El Museo Expuesto Sala de Colecciones Universitarias, Centro Cultural Universitario Tlatelolco

By Lilian Tone

Plaza de Tlatelolco

Our visit to the renovated Sala de Colecciones Universitarias was preceded by an early morning stroll through the Plaza de las Tres Culturas and its adjacent sites. Beyond the three moments in Mexican history for which the square is named —it connects the expansive archeological site of Tlatelolco, the 17th-century church Templo de Santiago, and the 1960s modernist apartment complex designed by Mario Pani— Plaza de las Tres Culturas was also the site where students were massacred by government security forces in 1968, an event memorialized at the Centro Cultural Universitario Tlatelolco.

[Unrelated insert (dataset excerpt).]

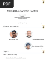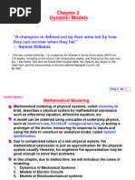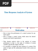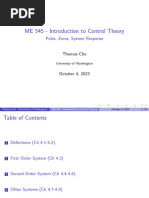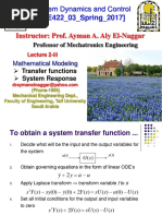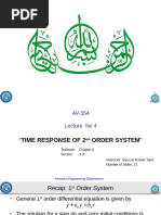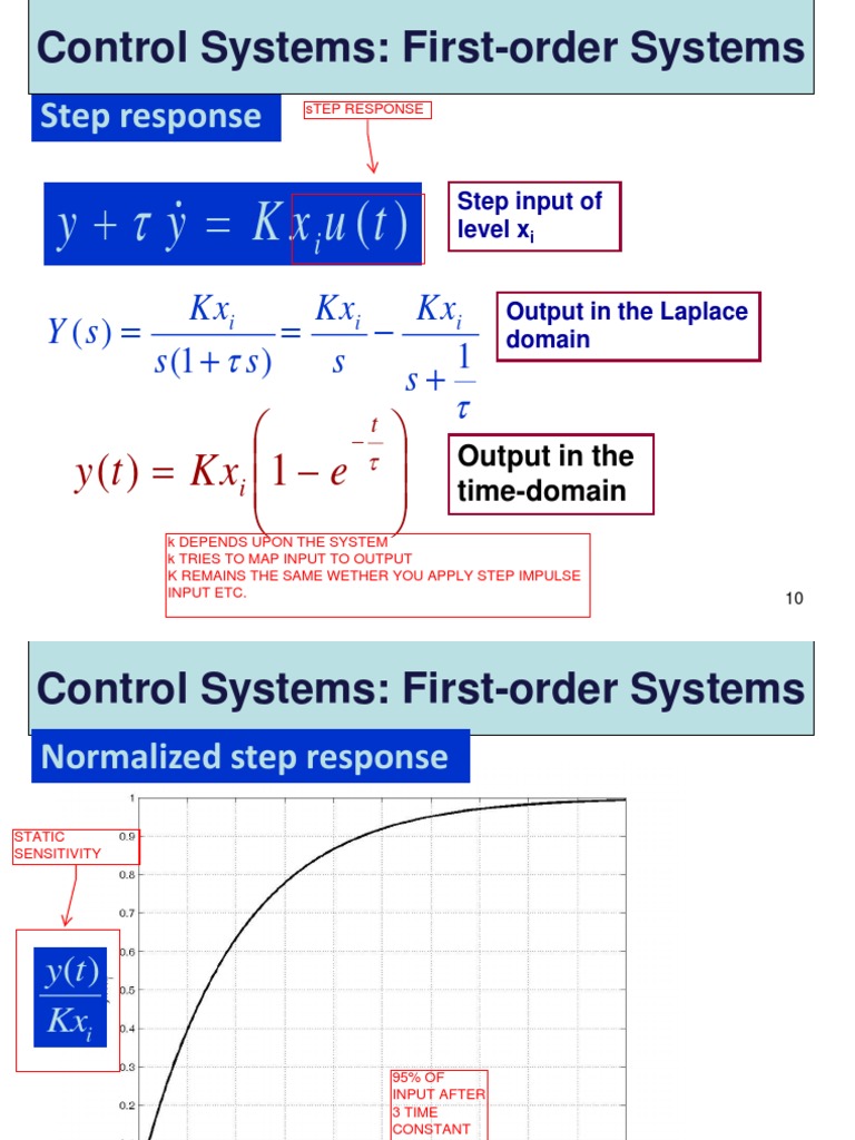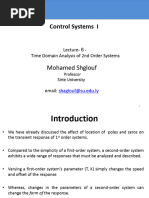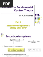 The document discusses first-order and second-order control systems. It describes: 1) How a second-order system can be represented by a differential equation involving mass (m), damping (c), stiffness (k), and input (x(t)). 2) How to normalize this differential equation by dividing all terms by the mass (m) and defining the undamped natural frequency (ωn) and damping factor (ζ). 3) The normalized second-order differential equation in terms of the output (y) response, damping factor (ζ), undamped natural frequency (ωn) and input (x(t)).

Centro Cultural Universitario Tlatelolco

The Sala de Colecciones Universitarias reopened in 2013 as a curatorial laboratory with a two-year project titled “El Museo Expuesto” (The Exposed Museum). We were greeted by James Oles, who directed the project with the assistance of Julio García Murillo, and were guided through by both of them. The project phased in with in-depth research into art dating from 1950 to 1990 in UNAM’s collection. Following this, seven exhibitions drawn from UNAM’s holdings were organized by students in the university’s curatorial studies program. “El Museo Expuesto” cleverly takes the modus operandi of museums as its subject and structure, addressing behind-the-scenes processes and principal goals: exhibition, preservation, research and education. Stressing the exhibition’s educational scope, the introductory text defines the project as “a space to investigate museum culture, a laboratory in which to better understand the functions, strategies, codes and symbols of the art museum.” The exhibition highlights some of UNAM’s lesser-known holdings while skillfully exposing gaps in the collection—gaps filled by astutely selected loans.